Şöyle bir geçmişe bakıyorum da çıldırmamak elde değil, anlamak ise hiç mümkün değil. İnsanlık için, milletin için güzel düşüncelerin karşılığının neler olduğunu akıl almamakta. Hak bilinen yolda neler neler görmedi bu insan diye zaman zaman düşünmekteyim.
Herşeyi, toplumu, milleti ve yeni nesillerin geleceği için verilen insani mücadelenin karşılığı bu mu olmalıydı diye sormamak elde değil.
İftiralar, işkenceler, katliamlar ve idamlar bu güzel düşüncelerin karşılığı olmamalıydı. Yıkılan ocaklar, yetim ve öksüz kalan yavrular, gözü yaşlı yavuklular, bozulan nişanlar olmamalıydı bu sevdanın karşılığı. El üstünde tutulmak, makam ve şöhret zaten beklenilmiyordu.
Sadaka gizli verilir, işte bu mücadele de sadakanın ta kendisidir.
Kader olarak benimsendi, bir ilahi ölçü olarak kabul göründü, şükretmek hep bilindi.
Şükredenlere nimetini artıracağını müjdeleyen Yüce Tanrı’ya iyi kul olmak için mücadeleye devam edildi.
Dünya hayatının bir imtihan olduğunu, ve asıl mükafatın ahirette olduğu bilinci ile kadere boyun eğmekten başka bir yol yoktu.
Biliniyordu Allah’ın insanı şükür ve sabırla beraber denediğini. Bu sebepten hep sabır etmeye devam edildi.
Hesap günü sağdan kitap verilmesinin beklenildiği için şükür ve sabır gereken ilgiyi görüyordu.
Karşılık vermek gerekiyordu, “Bir kötülüğün karşılığı benzeri bir kötülüktür” diyen ayet bu düşünceyi destekliyordu.
Saldırının, hakka tecavüz edilmenin karşılığının verilmesi için izin olmasına rağmen karşılık verilmedi.
Yüce Kitap’ın insana verdiği sık öğütlerden olan geçmiş milletlerin yaşam hikayelerinden hisse çıkarmak ışık oldu.
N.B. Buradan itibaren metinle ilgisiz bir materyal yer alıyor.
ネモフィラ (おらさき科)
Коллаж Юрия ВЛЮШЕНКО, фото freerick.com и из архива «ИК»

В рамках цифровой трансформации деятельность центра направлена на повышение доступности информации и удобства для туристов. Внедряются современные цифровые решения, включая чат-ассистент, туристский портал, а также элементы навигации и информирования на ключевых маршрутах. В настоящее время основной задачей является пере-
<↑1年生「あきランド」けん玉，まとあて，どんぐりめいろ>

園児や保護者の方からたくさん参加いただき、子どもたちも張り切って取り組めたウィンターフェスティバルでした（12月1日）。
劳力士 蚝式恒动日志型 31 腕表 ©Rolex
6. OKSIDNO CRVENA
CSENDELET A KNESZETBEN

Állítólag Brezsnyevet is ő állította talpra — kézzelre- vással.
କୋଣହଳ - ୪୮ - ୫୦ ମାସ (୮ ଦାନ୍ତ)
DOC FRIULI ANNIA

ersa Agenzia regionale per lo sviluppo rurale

Ehli Beyt akla geldi, onun çilesi her düşünüldüğünde canlandı.Verilen mücadeleden asla taviz verilmedi.
Allah’a eller açıldı, semaya ağıtlar yükseldi, yine de yoldan geri dönülmedi.
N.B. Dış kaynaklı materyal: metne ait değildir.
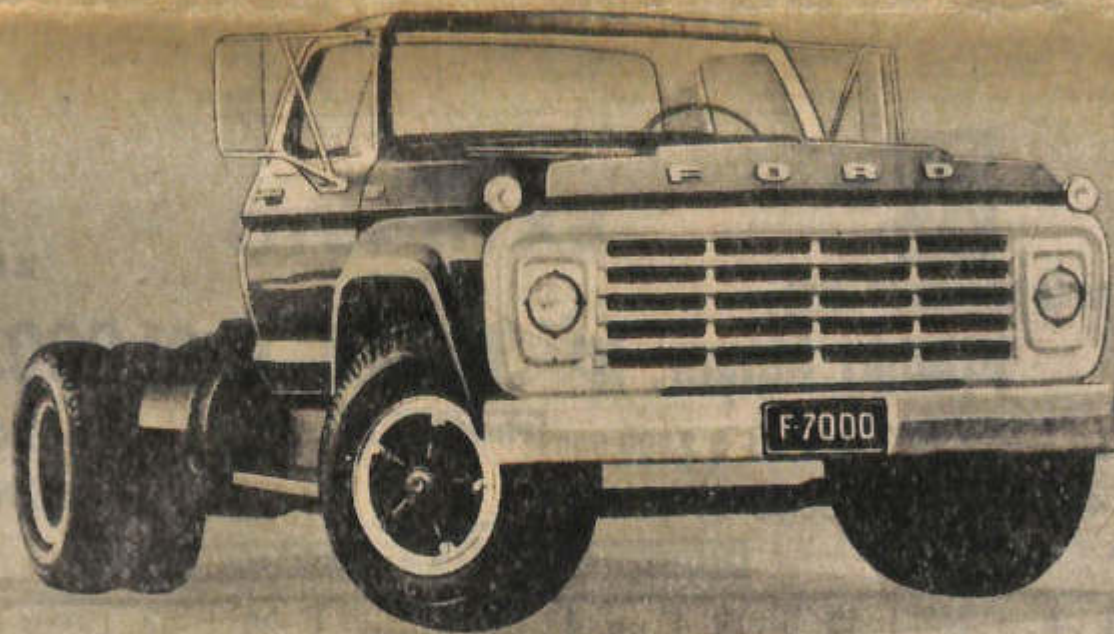
Castro Anselmo Publicidad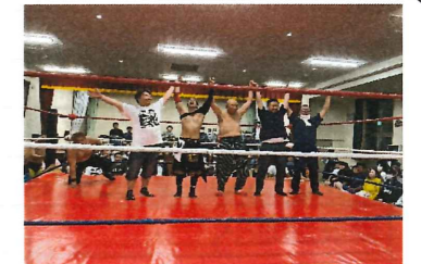
○チャリティープロレス協賛

Hak olmasına rağmen, kötülüğe karşı kötülük ile cevap verilmedi.
Yaradan’a havale edildi,
Sabır ve şükür hiç eksik edilmedi.
Erdemliktendir diye yeri geldi kötülük yapan af bile edildi.Tarihin engin derinliklerinden, Türk’ün Ruh kökündendir bu erdemlik.Ve halen bu erdemlik yerini korumaktadır.
Sabır, şükür ve erdemlik herkese nasip değildir,
Erdemlik herkes için geçerli değildir.
Erdemlik, şükür ve sabır her daim var olacaktır, fakat sabır nereye kadar Allah bilir!
Ne iftiralar,
Ne işkenceler,
Ne katliamlar,
Ne idamlar,
Ne de 12 Eylül’ler engel olabildi.
Bugün bunların hesabı sorulamıyorsa, din gününde mutlaka sorulacaktır.